Comparison between ChatGPT and Bard.
| No | Author | Specialty | ChatGPT accurate | Gemini accurate | ChatGPT length (character) | Gemini length (character |
|---|---|---|---|---|---|---|
| 1 | Patil (12)a | Neuroradiology | 100.00% | 86.21% | 840.90 (±426.35) | 1,443.52 (±415.88) |
| Mammography | 84.21% | 68.42% | 787.63 (±447.38) | 1,454.95 (±442.34) | ||
| General & physics | 85.39% | 68.54% | 1,022.38 (±453.50) | 1,490.69 (±406.58) | ||
| Nuclear medicine | 80.00% | 56.67% | 947.30 (±486.57) | 1,321.57 (±374.86) | ||
| Pediatric Radiology | 93.75% | 68.75% | 764.63 (±330.04) | 1,368.88 (±547.91) | ||
| Interventional radiology | 88.46% | 80.77% | 952.31 (±510.00) | 1,538.31 (±446.90) | ||
| Gastrointestinal radiology | 89.66% | 79.31% | 901.93 (±423.01) | 1,427.66 (±322.21) | ||
| Genitourinary radiology | 72.73% | 63.64% | 1,048.82 (±338.28) | 1,373.09 (±342.2) | ||
| Cardiac radiology | 75.00% | 68.75% | 915.50 (±3.48) | 1,537.94 (±692.44) | ||
| Chest radiology | 100.00% | 83.33% | 816.33 (±303.77) | 1,492.33 (±295.28) | ||
| Musculoskeletal radiology | 80.00% | 64.00% | 945.48 (±394.93) | 1,326.40 (±316.33) | ||
| Ultrasound | 100.00% | 63.64% | 944.91 (±518.11) | 1,371.95 (±352.66) | ||
| 2 | Kumari (13)b | Hematology | 3.15/5 (63%)A | 2.23/5 (44%)A | - | - |
| 3 | Dhanvijy (14)b | Physiology | 3.19/4 (79%)A | 2.15/4 (53%)A | - | - |
| 4 | Muhialdeen (15)b | Clinical Diagnosis | 90% | 80% | - | - |
| 5 | Koga (16)a | neurodegenerative disorders | 84% | 76% | - | - |
| 6 | Zhi Wei Lim (17)a | myopia care | 80.6% | 54.8% | 1,221.13 (±323.32) | 1,275.87 (±393.25) |
| 7 | Ilgaz (18)b | Anatomy | 44.27% | 41.98% | - | - |
| 8 | Seth (19)b | Rhinoplasty | 4/5 (80%)A | 4/5 (80%)A | - | - |
| 9 | Salazar (20)b | Emergency | 77% | 87% | - | - |
| Non-emergency | 36% | 33% | - | - | ||
| 10 | Qarajeh (21)a | Renal Diet High potassium | 99% | 79% | - | - |
| Renal Diet Low potassium | 60% | 79% | - | - | ||
| Renal Diet high phosphorus | 77% | 100% | - | - | ||
| 11 | Toyama (22)a | Radiology | 65% | 39% | - | - |
ChatGPT-4.
ChatGPT-3.5.
Main findings
The research included 1,177 samples from 11 different medical specialties (12–22). In radiology, there were 421 samples, encompassing various fields such as neuroradiology (9.12%), mammography (5.97%), general and physics (27.99%), nuclear medicine (9.43%), pediatric radiology (5.03%), interventional radiology (8.18%), gastrointestinal radiology (9.12%), genitourinary radiology (3.46%), cardiac radiology (5.03%), chest radiology (1.89%), musculoskeletal radiology (7.86%), and ultrasound (6.92%). The renal sample size was 240, divided into the renal diet with high potassium (33.75%), the renal diet with low potassium (28.33%), and the renal diet with high phosphorus (37.91%). Emergency and non-emergency cases had sample sizes of 176, while the smallest samples were in clinical diagnosis and neurodegenerative disorders, with sizes of 20 and 25, respectively (Table 1).

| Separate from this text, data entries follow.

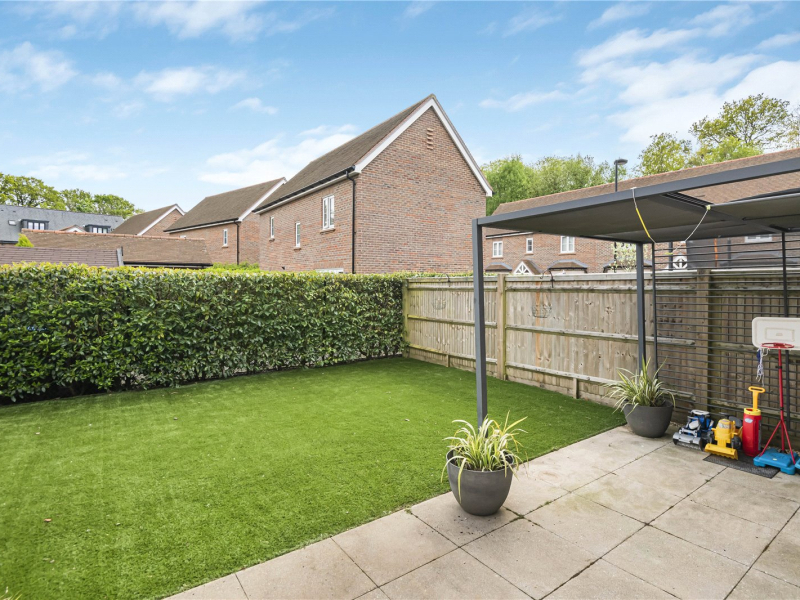 Outside, the private southeast-facing garden has been landscaped for low maintenance and year-round appeal — with a patio area and a level lawn professionally laid with premium artificial grass — creating a terrific setting for children, pets, or outdoor entertaining. Finally, a gated side entrance provides convenient access to the driveway or for gardeners and cyclists.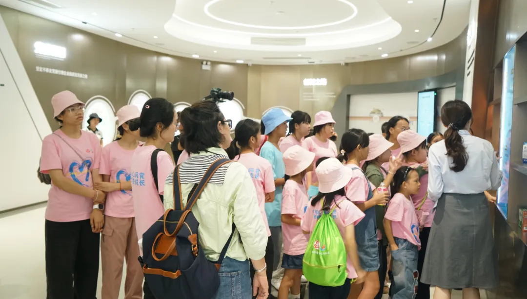 紧接着,孩子们来到了建党百年庆典红旗——070号红旗前。讲解员讲述了EBpay药业集团与庆典红旗的深厚渊源。孩子们听得津津有味,眼中闪烁着对党和国家的热爱与敬仰。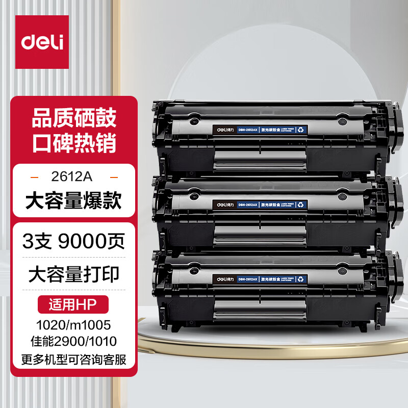 得力(deli)12a硒鼓 Q2612A硒鼓适用惠普1020硒鼓 hp m1005 1020plus 1010 佳能lbp2900打印机墨盒 大容量3支 DBH-2612AX3/盒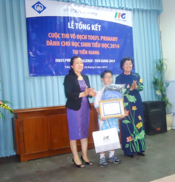 Võ Thịnh Vượng, học sinh lớp 4 trường Tiểu học Thị trấn Mỹ Tho 1 giành giải Nhất cuộc thi Vô địch TOEFL Primary 2014 tại Đồng Tháp (Lễ tổng kết ngày 23/5/2014)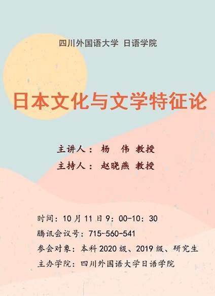 10月11日上午9:00,公司博士生导师杨伟教授为高年级本科生及全体研究生进行了题为“日本文化和文学特征论”的学术讲座。讲座由赵晓燕教授主持。

The comparison between ChatGPT and Gemini across various specialties reveals accuracy and response length differences. ChatGPT generally may demonstrate higher accuracy than Gemini, especially in radiology specialties. The average accuracy of ChatGPT was 87.43%, higher than Gemini 71%. Additionally, the average response length of ChatGPT was 907 characters, shorter than Gemini's 1,428 characters. This indicates that ChatGPT's accuracy relative to response length may be more reliable and accurate than Gemini. Accuracy in the hematology specialty, ChatGPT, was 63%, compared to Gemini's 44%. Similar trends are observed in physiology, clinical diagnosis, neurodegenerative disorders, anatomy, renal diet, high potassium, and radiology. Conversely, in myopia care, the response lengths of ChatGPT and Gemini were nearly the same (1,221.13 vs. 1,275.87), with ChatGPT achieving a higher accuracy of 80.6% compared to Gemini's 54.8%. In rhinoplasty, both ChatGPT and Gemini demonstrate the same accuracy. In contrast, Gemini may be more accurate than ChatGPT in emergency scenarios, a renal diet with low potassium and a renal diet with high phosphorus (87% vs. 77%, 79% vs. 60%, and 100% vs. 77%, respectively) (Table 2).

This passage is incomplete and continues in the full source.